▶ Prompt
Would you transcribe the records below from the line with "Walnut Charging Nightstand" to the line with "Dreams really do", ends included, exactly and with nothing more, leaving the pictures out?

Data extract below:

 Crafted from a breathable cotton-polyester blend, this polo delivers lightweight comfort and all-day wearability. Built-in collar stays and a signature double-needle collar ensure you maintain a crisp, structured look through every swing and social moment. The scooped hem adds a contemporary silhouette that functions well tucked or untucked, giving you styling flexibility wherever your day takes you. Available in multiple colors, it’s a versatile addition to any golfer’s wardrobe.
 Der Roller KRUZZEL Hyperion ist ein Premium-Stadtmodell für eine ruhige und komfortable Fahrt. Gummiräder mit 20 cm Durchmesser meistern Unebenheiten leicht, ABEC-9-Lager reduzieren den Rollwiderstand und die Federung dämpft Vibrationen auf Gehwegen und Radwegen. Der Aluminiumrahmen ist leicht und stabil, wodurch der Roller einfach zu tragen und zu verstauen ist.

End of Data extract.
Data extract below:

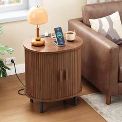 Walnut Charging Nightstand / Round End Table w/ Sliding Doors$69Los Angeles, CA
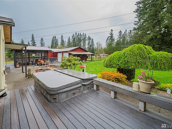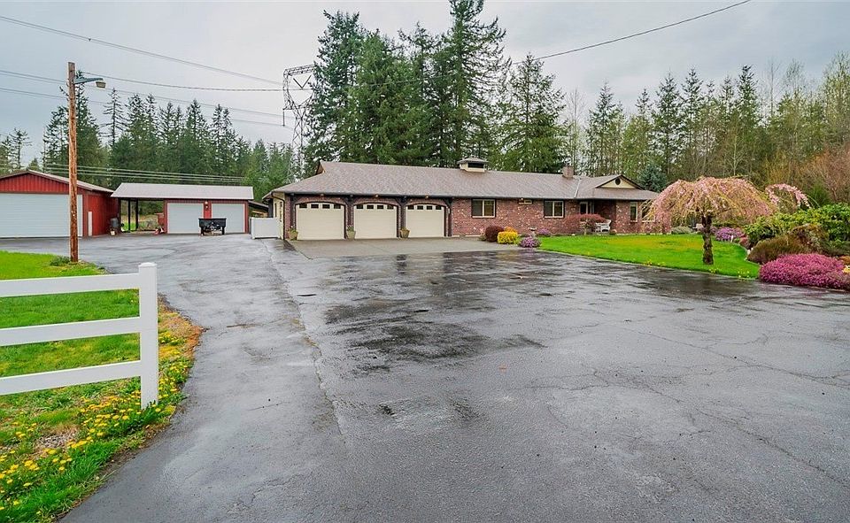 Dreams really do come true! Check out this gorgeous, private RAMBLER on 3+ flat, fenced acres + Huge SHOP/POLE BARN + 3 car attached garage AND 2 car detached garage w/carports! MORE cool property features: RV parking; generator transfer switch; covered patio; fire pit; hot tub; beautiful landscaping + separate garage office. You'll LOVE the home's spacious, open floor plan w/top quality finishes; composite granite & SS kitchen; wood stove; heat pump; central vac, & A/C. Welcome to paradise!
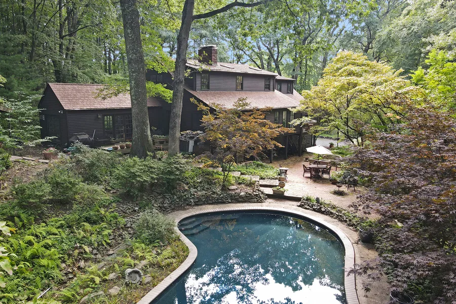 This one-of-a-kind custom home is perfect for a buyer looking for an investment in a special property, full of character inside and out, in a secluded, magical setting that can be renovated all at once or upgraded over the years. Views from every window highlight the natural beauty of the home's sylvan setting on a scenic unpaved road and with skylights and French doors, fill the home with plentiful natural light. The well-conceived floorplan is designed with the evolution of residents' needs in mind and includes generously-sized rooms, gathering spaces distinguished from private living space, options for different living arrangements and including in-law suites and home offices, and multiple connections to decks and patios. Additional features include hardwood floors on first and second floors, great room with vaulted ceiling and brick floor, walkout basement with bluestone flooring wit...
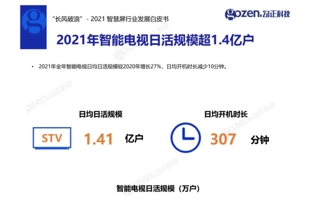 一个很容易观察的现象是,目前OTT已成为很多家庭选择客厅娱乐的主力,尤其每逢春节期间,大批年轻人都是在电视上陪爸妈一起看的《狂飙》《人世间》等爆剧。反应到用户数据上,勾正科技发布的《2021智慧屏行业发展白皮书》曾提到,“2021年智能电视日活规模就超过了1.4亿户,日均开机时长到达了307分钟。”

End of Data extract.

▶ Answer box
 Walnut Charging Nightstand / Round End Table w/ Sliding Doors$69Los Angeles, CA
 Dreams really do come true! Check out this gorgeous, private RAMBLER on 3+ flat, fenced acres + Huge SHOP/POLE BARN + 3 car attached garage AND 2 car detached garage w/carports! MORE cool property features: RV parking; generator transfer switch; covered patio; fire pit; hot tub; beautiful landscaping + separate garage office. You'll LOVE the home's spacious, open floor plan w/top quality finishes; composite granite & SS kitchen; wood stove; heat pump; central vac, & A/C. Welcome to paradise!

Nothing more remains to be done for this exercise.